Vous avez prévu une petite master class pour quatre très jeunes musiciens tunisiens. Quels conseils leur avez-vous prodigués ?

Il s’agit encore d’une volonté commune entre M. Raouf Laamouri et moi : on a travaillé primo pour rendre effective la gratuité des spectacles en faveur des étudiants tunisiens de toutes les disciplines, il ne fallait surtout pas que l’argent soit un frein pour les petites bourses des étudiants, et secundo, pour organiser cette master class entre les musiciens français et les jeunes étudiants en musique. La rencontre a été magnifique, elle a donné lieu à un échange libre et interactif entre les uns et les autres. Les jeunes ont pu donc jouer quelques minutes de leurs instruments sous l’écoute attentive des maîtres Patrice Fontanarosa et Roland Pidoux, qui ont donné aux étudiants quelques impulsions et des sujets de réflexion de fond pour que ces jeunes puissent progresser. Les mettre en confiance est très important. S’adressant à un jeune violoncelliste, Roland Pidoux a dit : «Tu as une belle base, maintenant pense à améliorer ta gestuelle de cette façon-là». C’est du très fin pilotage qui ressemble à l’orfèvrerie. Les jeunes ont des outils de communication magique entre les mains, à savoir les tablettes et les smartphones, qui peuvent leur servir à évoluer dans leur pratique. Sur les chaînes Youtube, on peut trouver des master class de grands maîtres et suivre les concerts de grands musiciens. Apprendre et  apprivoiser son instrument est un exercice quotidien.

Vous avez prévu d’autres éditions les années à venir de ces séjours musicaux de prestige. Avez-vous déjà commencé à penser au programme du prochain festival ?

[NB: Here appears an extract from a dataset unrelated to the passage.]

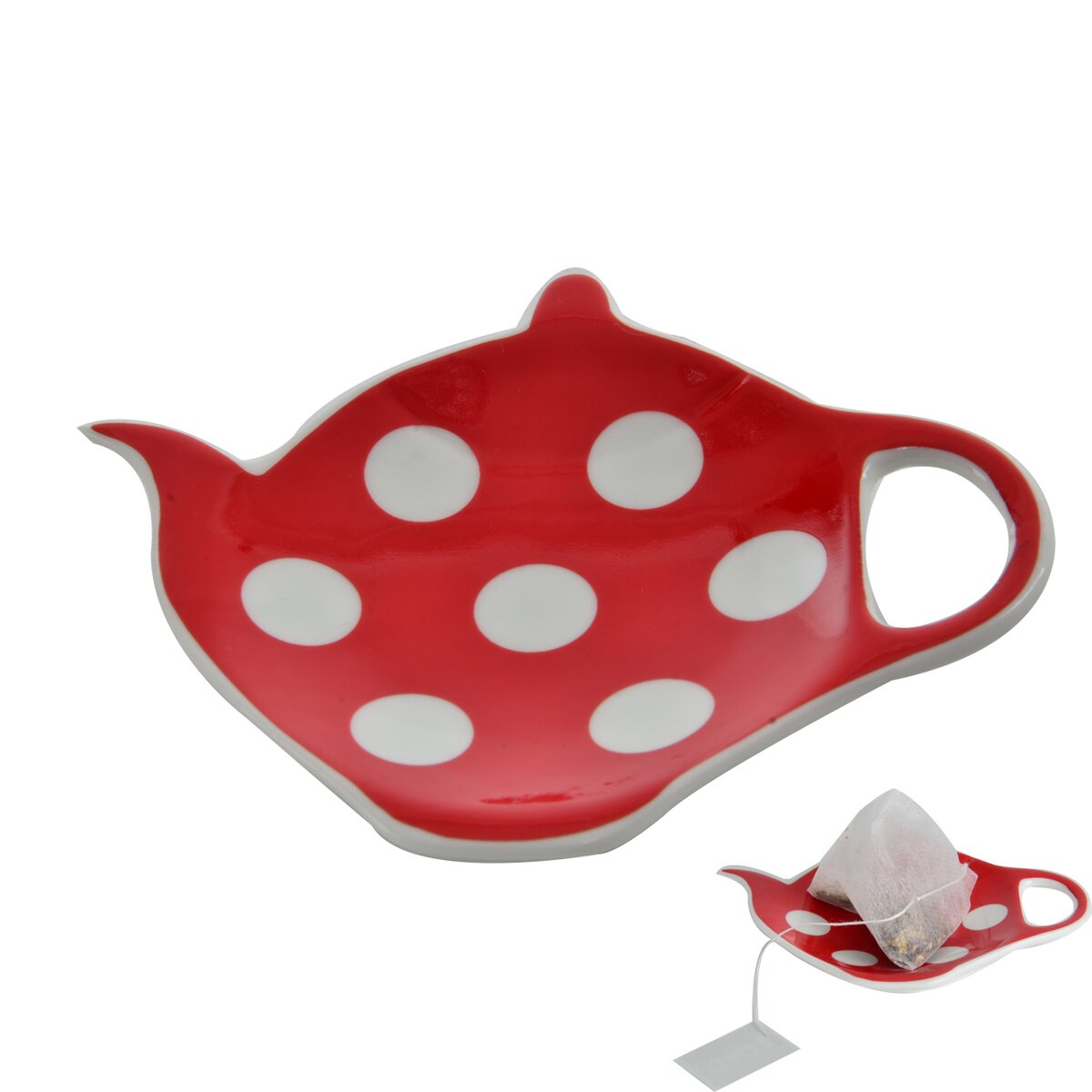 Kód produktu 125426Tácka v tvare kanvičky - podčajník na odloženie vylúhovaného čaju z hrnčeka. Materiál: porcelán. Dekór biele bodky. Rozmery: 11,5x9x1,5 cm.

En effet. Il faudrait tout d’abord qu’il y ait assez de participants pour qu’on puisse organiser le séjour. Nous allons communiquer, avec l’appui de personnalités politiques notamment, pour démontrer que la Tunisie n’a rien d’un pays où les touristes prennent des risques sécuritaires. Pas plus qu’à Berlin, Londres ou Paris. D’autre part nous avions pour projet pour la deuxième édition de mettre en place un programme avec des instruments différents, des instruments à vent en particulier. Or, figurez-vous que nous doutons parfois de la direction à prendre parce que les participants au public nous disent : «Nous avons tellement envie de retrouver les mêmes sensations et les mêmes artistes parce que nous nous sentons en harmonie avec eux et qu’il ne faut surtout rien changer !».